First Look at the Data
Let’s explore what we’ve loaded. The .head() method shows the first few rows:
df.head()| country | continent | year | lifeExp | pop | gdpPercap | |
|---|---|---|---|---|---|---|
| 0 | Afghanistan | Asia | 1952 | 28.801 | 8425333 | 779.445314 |
| 1 | Afghanistan | Asia | 1957 | 30.332 | 9240934 | 820.853030 |
| 2 | Afghanistan | Asia | 1962 | 31.997 | 10267083 | 853.100710 |
| 3 | Afghanistan | Asia | 1967 | 34.020 | 11537966 | 836.197138 |
| 4 | Afghanistan | Asia | 1972 | 36.088 | 13079460 | 739.981106 |
We can see that our DataFrame contains information about countries, including their continent, year, life expectancy, population, and GDP per capita.

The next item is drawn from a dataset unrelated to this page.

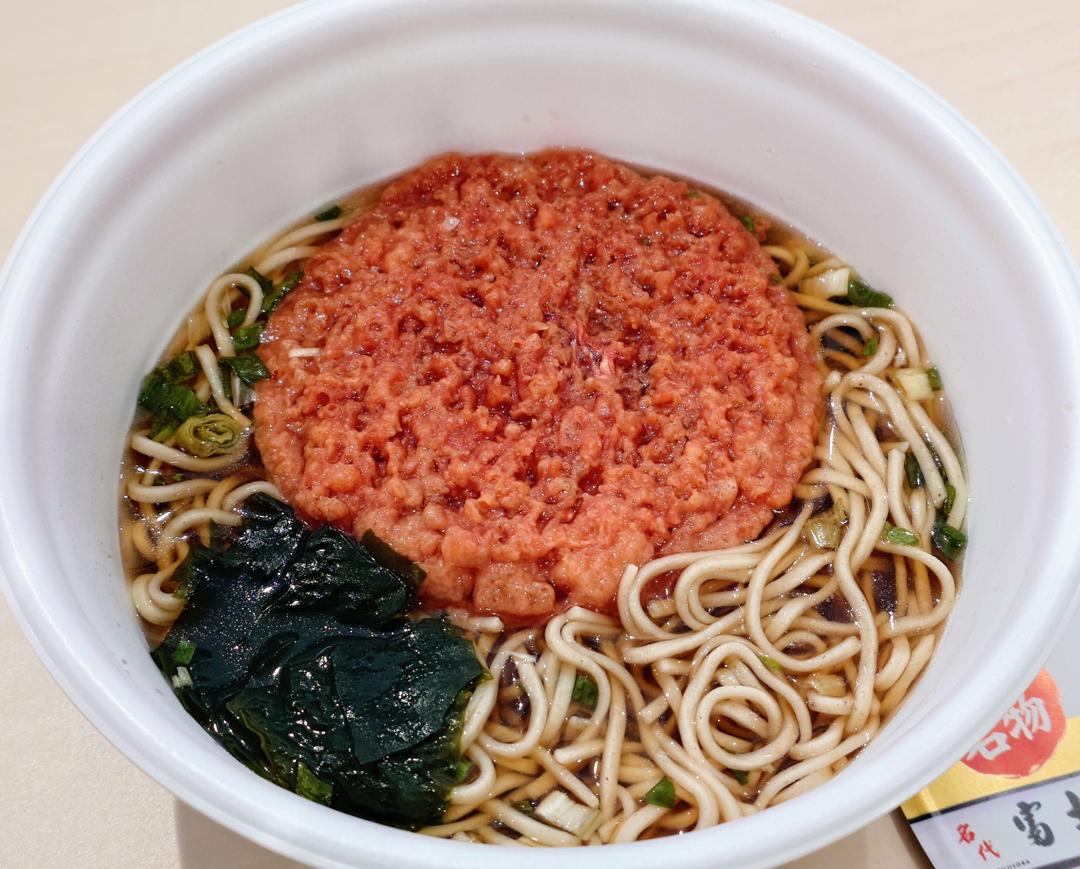 トップ > 今日の凄メシ! > 凄メシ 出会いました! > 本日は「あなたのおそばに」です 中電前の八百屋 2026/04/02 07:45 本日は「あなたのおそばに」です 今朝は「名代 富士そば 紅生姜天そば」をいただきました。 まだ、あと1個、在庫があります。 この蕎麦の出汁は、いい具合に鰹の出汁を効いていて、紅生姜天から滲み出す油と紅生姜の香りが合わさって、大変美味しいです。 蕎麦も、他社のカップ蕎麦の製品とは比べ物にならないほど、歯ごたえや喉越しが良いですね。 ラーメンではないですがお麩を投入。 天ぷらはクタクタになってから、少しずつ崩しながら食べるのが私は好きです。 いつ食べても美味しい蕎麦ですね。 ごちそうさまでした。 富士そば 紅生姜天 東京名物 いいね 共有する 共有する X facebook LINE リンクをコピー コメントする 0 件の返信 (新着順)

To see the last few rows instead, use .tail():
df.tail()| country | continent | year | lifeExp | pop | gdpPercap | |
|---|---|---|---|---|---|---|
| 1699 | Zimbabwe | Africa | 1987 | 62.351 | 9216418 | 706.157306 |
| 1700 | Zimbabwe | Africa | 1992 | 60.377 | 10704340 | 693.420786 |
| 1701 | Zimbabwe | Africa | 1997 | 46.809 | 11404948 | 792.449960 |
| 1702 | Zimbabwe | Africa | 2002 | 39.989 | 11926563 | 672.038623 |
| 1703 | Zimbabwe | Africa | 2007 | 43.487 | 12311143 | 469.709298 |
Understanding DataFrame Structure
To get a comprehensive overview of our data’s structure, we use .info():
df.info()<class 'pandas.core.frame.DataFrame'>
RangeIndex: 1704 entries, 0 to 1703
Data columns (total 6 columns):
# Column Non-Null Count Dtype
--- ------ -------------- -----
0 country 1704 non-null object
1 continent 1704 non-null object
2 year 1704 non-null int64
3 lifeExp 1704 non-null float64
4 pop 1704 non-null int64
5 gdpPercap 1704 non-null float64
dtypes: float64(2), int64(2), object(2)
memory usage: 80.0+ KB
This tells us:
- The number of rows (entries) and columns
- The names of each column
- The data type of each column (e.g., object for text, int64 for integers, float64 for decimals)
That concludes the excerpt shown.